The problem ▸
The answer must consist solely of the lines below starting at the one containing "Für Fungames der" and ending at the one containing "Fuerteventura. Traje típico.", repeated exactly, with both ends included and all pictures omitted.
--- Input material ---
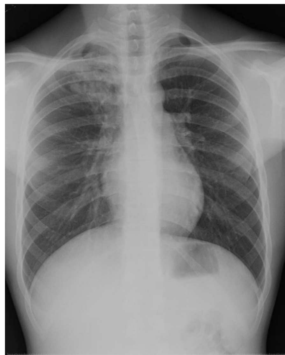
Figura 1 Radiografía de tórax que muestra infiltrado en el lóbulo superior derecho.

El escáner es la prueba de elección (localiza la lesión, determina su extensión y descarta otros diagnósticos) 1 . La broncoscopia suele ser normal, salvo que afecte a un bronquio principal 4 . Es más frecuente en lóbulo superior izquierdo (64%), seguido del lóbulo inferior izquierdo (14%), siendo rara la afectación pulmonar derecha (8%) 1,3 .
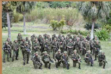
奄美警備隊普通科中隊
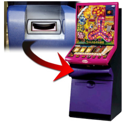
FunSmile G für Barcrest-Geräte

Für Fungames der Firma Barcrest mit Genesis-Gehäuse gibt es das Einbauset FunSmile G . Es beinhaltet eine Blende, damit der Scheinakzeptor in die dafür vorgesehene Öffnung in der Auszahlchale eingebaut werden kann. Die mitgelieferte Metall-Fallkassa wird über ihre Halterung an der unteren Seitenwand eingehängt und verschlossen.
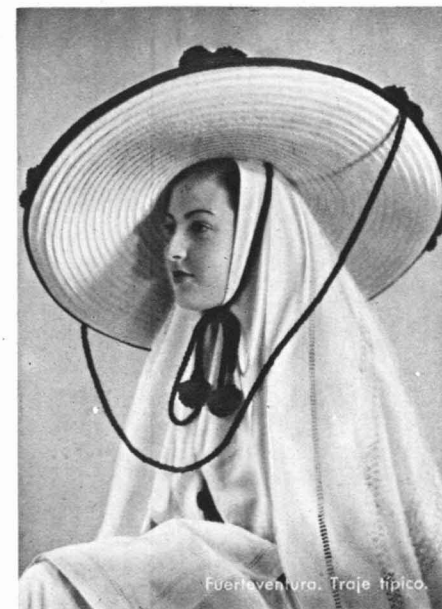
Fuerteventura. Traje típico.

La Caldera de Bandama, cráter apagado, forma un perfecto tazón, que mide 200 metros de profundidad, por 1.000 de diámetro en la parte superior,
---
Answer section ▸
Für Fungames der Firma Barcrest mit Genesis-Gehäuse gibt es das Einbauset FunSmile G . Es beinhaltet eine Blende, damit der Scheinakzeptor in die dafür vorgesehene Öffnung in der Auszahlchale eingebaut werden kann. Die mitgelieferte Metall-Fallkassa wird über ihre Halterung an der unteren Seitenwand eingehängt und verschlossen.
Fuerteventura. Traje típico.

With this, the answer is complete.